"Ace Capone" Coles jury ready to announce verdict
The jury in the federal drug-trafficking trial of rap music promoter Alton "Ace Capone" Coles and five co-defendants appears poised to announce its verdict today after more than six days of deliberations.
The jury in the federal drug-trafficking trial of rap music promoter Alton "Ace Capone" Coles and five co-defendants appears poised to announce its verdict today after more than six days of deliberations.
U.S. District Judge R. Barclay Surrick said late yesterday afternoon that the jury indicated it had reached a decision in all but two of the 137 criminal counts it has been considering. Surrick told the jurors to return this morning to try to work out a decision on the remaining counts.
In a message sent to the judge around 3 p.m., the jury said it had deadlocked on two money-laundering charges involving Coles, 34, and his girlfriend and co-defendant Aysa Richardson, 27.
The jury has asked to hear a tape of a phone conversation between Coles and Richardson from June 2005 and a letter Coles sent from prison to Richardson two years later.

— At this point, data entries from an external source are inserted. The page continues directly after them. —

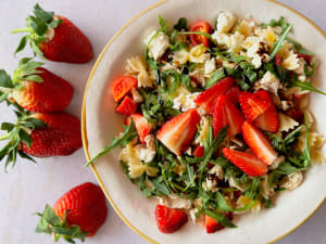 Mix personal , de lechugas, pasta, manzana, fresas, queso panela, arándanos, pechuga de pollo asada, asada, aderezo a elegir. + agua embotellada de 500ml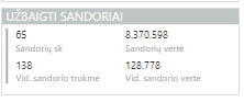 - Užbaigtų sandorių skaičius, vertė, vidutinė vertė,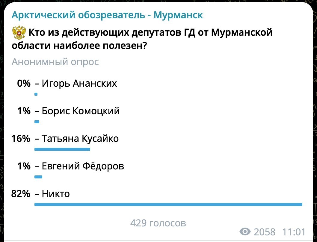 В ответ на пост Эксперимент с выбором нескольких фамилий при голосовании за полезных депутатов можно считать успешным – ботов не набежало и картина выглядит более-менее объективно. Итак, большинство проголосовавших (82%) выбрали депутата Никто – это бывший кандидат Против Всех. По одному проценту набрали Борис Комоцкий и, главная неожиданность и успех эксперимента, Евгений Фёдоров. Ноль получил Игорь Ананских. Можно поздравить Татьяну Кусайко – за неё проголосовало 16%. И пока нет ясности, пойдёт ли она в следуюший созыв, но электорат в Мурманско области у неё точно есть. Как и шансы. ❄ «Арктическй Обозреватель»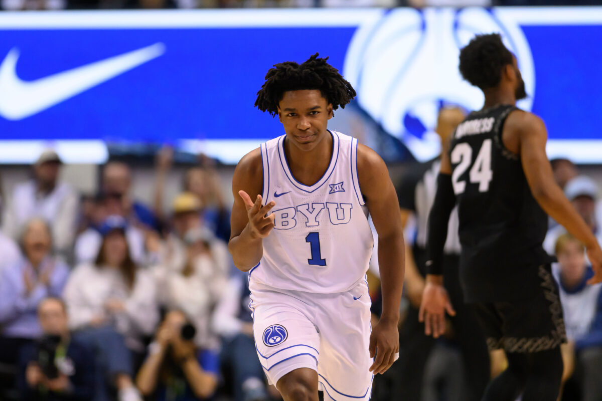 - BYU guard Robert Wright III (1) celebrates after scoring a 3-point basket during the second half of an NCAA college basketball game against Colorado, Saturday, Feb. 14, 2026, in Provo, Utah.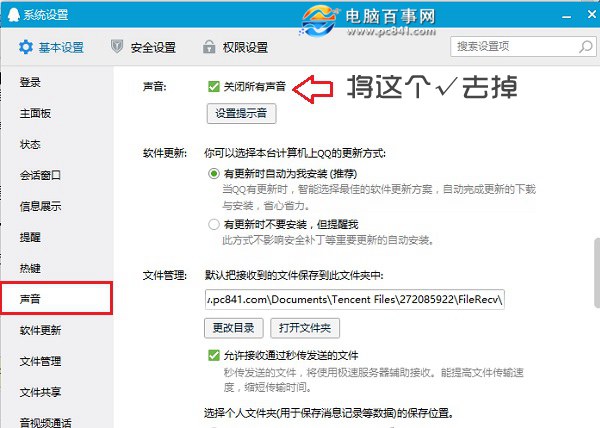 打开QQ系统设置后,点击左侧的“声音”选项,然后这个时候通常会发现,声音选项那里勾选了“关闭所有声音”,我们只需要把前面这个勾去掉,就可以了,如图。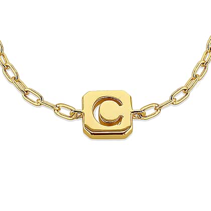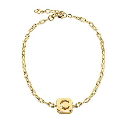 Sterling Silver Yellow Gold Plated 8mm x 9mm Initial C Initial Bracelet 6.7 Inch to 8 Inch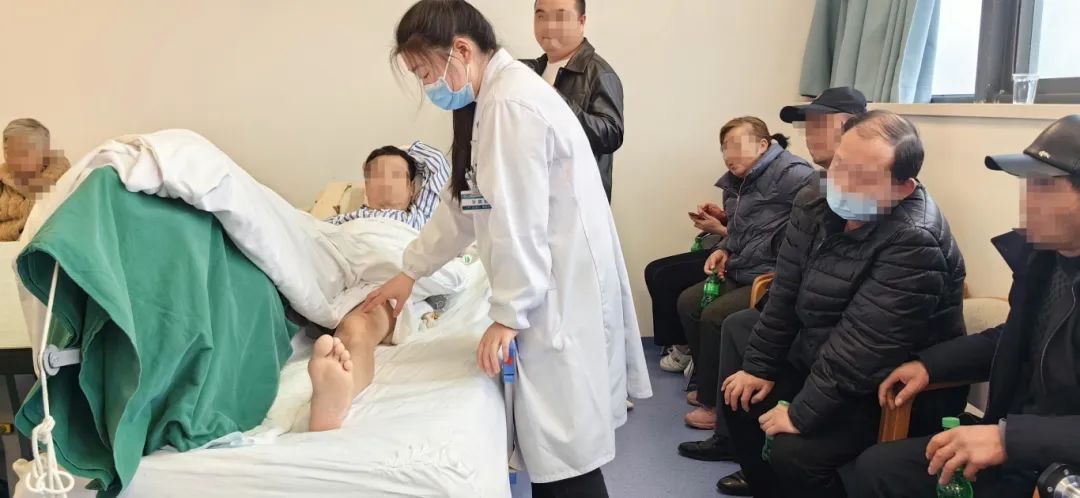 活动中,科主任系统梳理了骨科创伤病区收治病种例数较多的四肢骨折、软组织损伤、骨科康复运动等常见骨病的发病机制与治疗方案,并结合临床案例,用通俗易懂的语言让患者及家属对疾病有了更清晰的认知;康复师针对每位患者的个体情况,手把手指导患者练习;护士长结合多年临床经验,解答了长期卧床患者的皮肤护理、心理疏导等问题;专科护士针对围术期疼痛管理、饮食宣教等护理难点进行指导,帮助家属掌握居家照护技巧。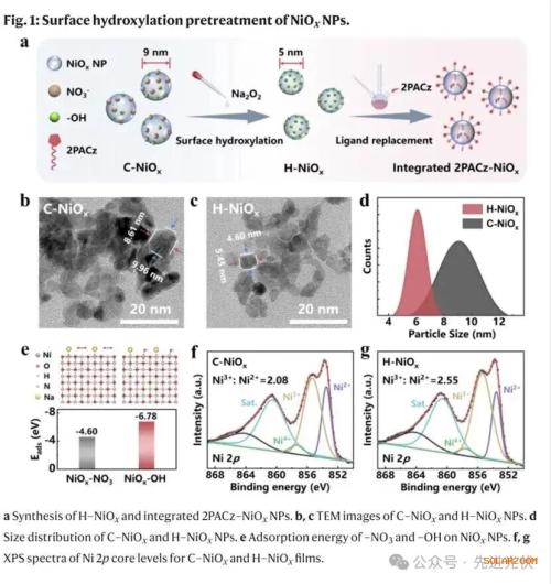 本研究创新性地开发了一种集成化HTL策略,通过Na₂O₂诱导NiOx表面羟基化,成功构建了高性能的化学锚定位点。如图1所示,该技术实现了三大突破性进展:首先,经Na₂O₂处理后NiOx平均粒径从9nm降至6nm,表面粗糙度降低48%,TEM图像清晰展示了颗粒分散性的显著改善;其次,FTIR和XPS分析证实-OH基团成功取代表面NO₃⁻,DFT计算显示-OH吸附能(-6.78eV)显著优于NO₃⁻(-4.60eV),XPS谱图更显示Ni³⁺/Ni²⁺比例提升22%;最后,这种表面改性形成了高活性NiOx基底,为2PACz分子提供了理想的锚定位点,最终使HTL导电性提升3倍,器件效率达到26.02%。这一系列创新成果为钙钛矿太阳能电池的界面工程提供了全新解决方案。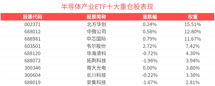 数据显示,截至2025年5月30日,中证半导体产业指数(931865)前十大权重股分别为北方华创(002371)、中微公司(688012)、中芯国际(688981)、海光信息(688041)、韦尔股份(603501)、南大光电(300346)、华海清科(688120)、拓荆科技(688072)、长川科技(300604)、安集科技(688019),前十大权重股合计占比75.47%。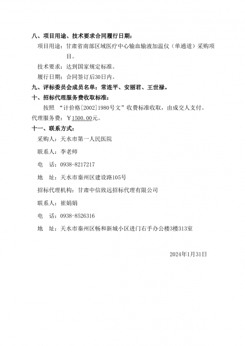 甘肃省南部区域医疗中心输血输液加温仪(单通道)竞争性谈判采购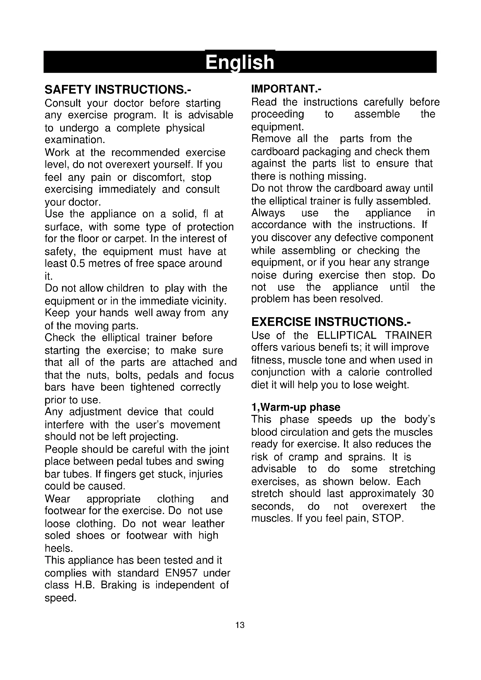 Always use the appliance in accordance with the instructions. If you discover any defective component while assembling or checking the equipment, or if you hear any strange noise during exercise then stop. Do not use the appliance until the problem has been resolved.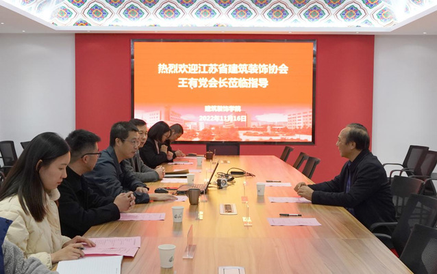座谈会上,袁涛做了关于公司发展情况、办学积累、“双高”专业群建设、公司“十四五”规划及近期取得的系列成果等方面的汇报。王有党对公司在专业建设、教学条件、实训环境、校园文化等方面取得的成果给予高度评价,并介绍了江苏省建筑装饰协会的基本职能、发展现状和产业前景等基本情况。随后,王有党和与会人员在行业对接公司开展建筑装饰类技术技能交流、拓展教学实训基地、开发教学资源和组织社会技能培训等方面进行了详细的交流。最后,王有党希望,公司作为特色鲜明、优势领先的双高建设公司,要紧跟国家建筑装饰产业转型升级发展形势,瞄准建筑装饰产业发展方向,持续深化产教融合,更好推动高质量发展,培养更多服务区域经济社会发展需求的建筑装饰高素质技术技能人才。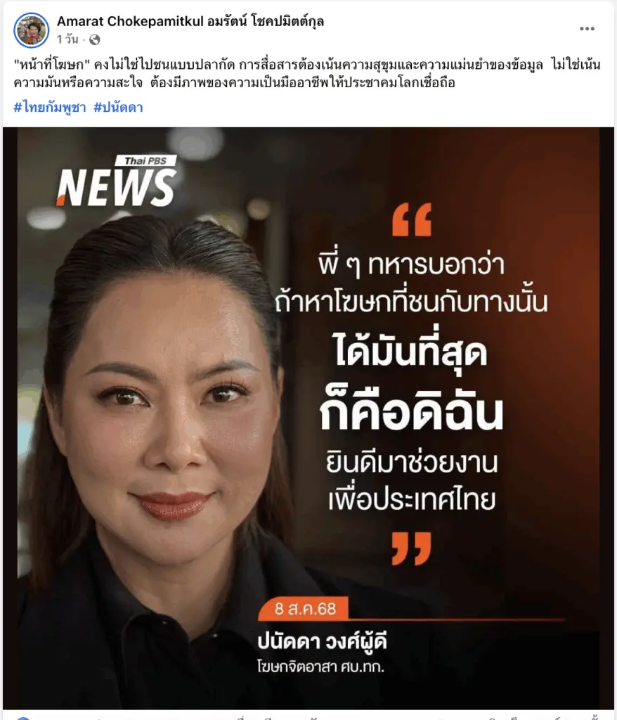 แต่ดูเหมือนงานยังไม่เริ่มดี ก็โดนดราม่ากระแทกเข้าเต็มๆ เมื่อ “เจี๊ยบ – อมรัตน์ โชคปมิตต์กุล” อดีต ส.ส.พรรคก้าวไกล โพสต์แสดงความเห็นผ่านเฟซบุ๊ก ว่าการเป็นโฆษกไม่ใช่การชนกันแบบ “ปลากัด” แต่ต้องอาศัยความสุขุมและความเป็นมืออาชีพ ไม่ใช่การสื่อสารเพื่อความสะใจ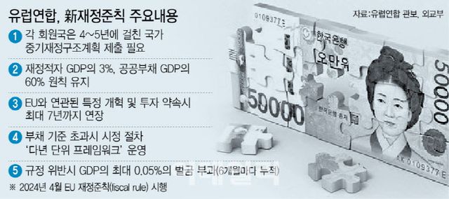 새로운 룰이 적용되면서 EU 모든 회원국은 짧게는 4년, 특정 개혁과 투자를 약속한 경우 최대 7년까지 계획연장을 요청할 수 있도록 했다. 지난 10일 열린 EU 경제재정이사회에선 독일의 경우 국방비 지출 확대를 배제하고, 2031년까지 재정적자 비율 3%를 유지하도록 승인하기도 했다. 단 규정 위반 시엔 GDP의 최대 0.05%의 벌금이 부과된다.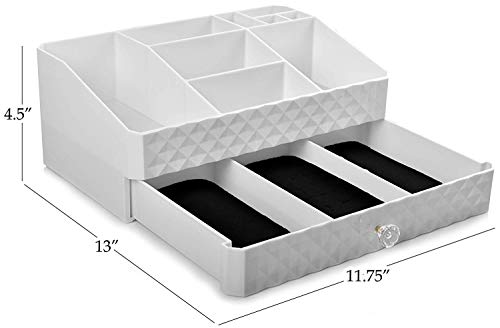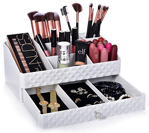 Display4top - Organizador de joyería multifunción para maquillaje, accesorios cosméticos, cajas de almacenamiento de maquillaje, color blanco.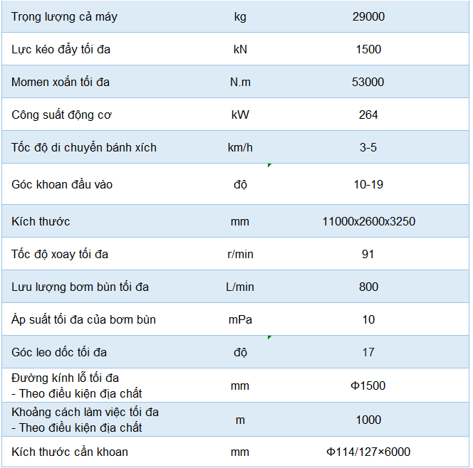 THÔNG SỐ KỸ THUẬT CHÍNH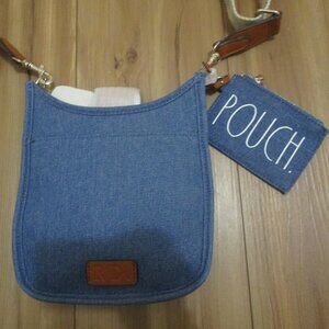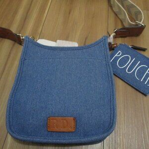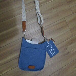 Rae Dunn canvas small crossbody denim chambray NWT leather accents BOHO strap

Both the tape and the letter made references to the purchase of a $488,000 house near Mullica Hill that Coles and Richardson moved into less than two weeks before Coles was arrested on Aug. 5, 2005.
The government alleges that Coles used cash from his drug dealing as a down payment for the property.
Coles and co-defendant Timothy "Tim Gotti" Baukman, 32, are charged with using Take Down Records, a company they founded in 2002, as a front for a $25 million crack- and cocaine-distribution network.
Both could be sentenced to life in prison if they are convicted of the most serious charge in the case - managing a continuing criminal enterprise.
The case includes charges of drug trafficking, conspiracy, money laundering, wire fraud, weapons and perjury.
The other defendants in the case are James Morris, 33, a reputed cocaine supplier for the Coles' drug network; Thais Thompson, 32; and Monique Pullins, 24.
The case grew out of a two-year investigation by agents of the Bureau of Alcohol, Tobacco, Firearms and Explosives.
The evidence presented during the six-week trial has included more than 300 secretly recorded conversations in which Coles and his associates allegedly set up drug deals. The jury also was shown more than $800,000 in cash, nearly a kilogram of cocaine, and 30 weapons, including an assault rifle and a machine gun, seized in a series of raids in August 2005.